Итак, я снова возвращаюсь туда, откуда ушёл: виновник смерти имеется, и вполне реальный, только обвинить и осудить его невозможно. Нет таких законов в царстве людей, а царство Божие… Пусть Господь решает сам, кого казнить, а кого миловать. Я бы не смог вынести приговор, а потому трусливо прячусь в тени. Ты ведь не обидишься, Господи?

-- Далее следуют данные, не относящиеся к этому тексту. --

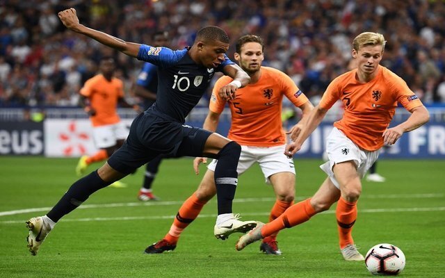 در ادامه بازیهای مقدماتی جام ملتهای اروپا، فرانسه در خانه میزبان هلند بود و توانست با ۴ گل این تیم را در هم بکوبد. کیلیان امباپه(۲ بار)، آنتوان گریزمان و دایوت اوپامکانو برای خروسها در این دیدار گلزنی کردند. در لحظات پایانی این بازی، ممفیس دپای یک پنالتی را برای هلند از دست داد.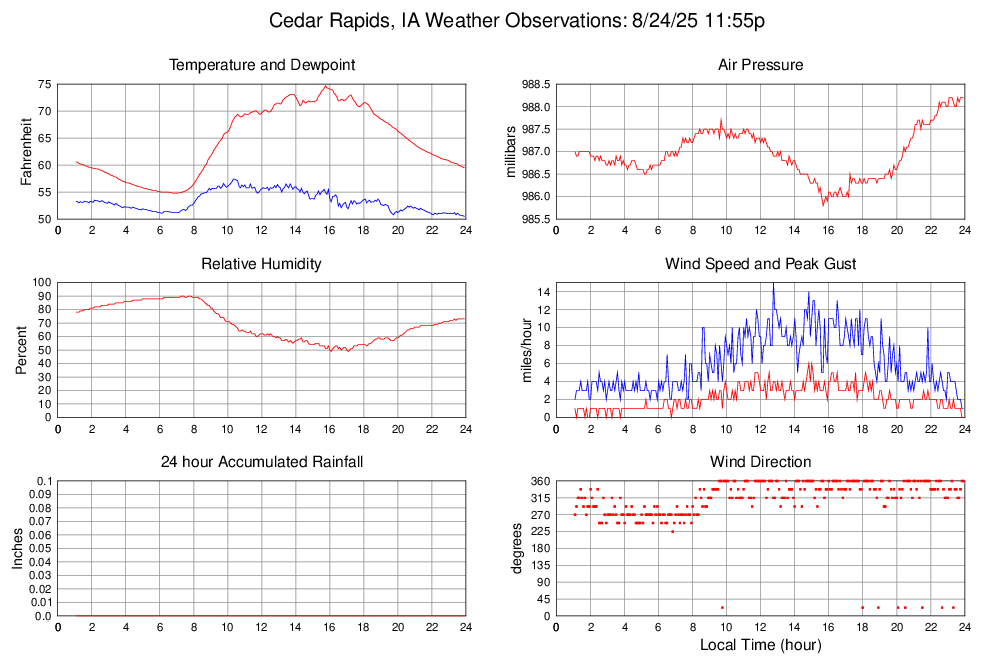 Dewpoint (F) 50.5 50.5 @ 23:55 57.4 @ 10:20 53.3

Морось дождя, подхваченная порывом ветра, наткнулась на моё лицо и скатилась по щекам, как слёзы. Небеса тоже плачут время от времени, правда не солёной водой. Плачут над нами, живущими и умершими, потому что видели и наши рождения, и наши смерти. Видели и ничего не могли изменить. Или не хотели? Ответом всегда будет молчание, только оно. И когда Дора Лойфель умрёт, небо снова промолчит… Но почему она должна умереть? Вернее, почему она так уверена в возможности, почти неотвратимости скорой смерти?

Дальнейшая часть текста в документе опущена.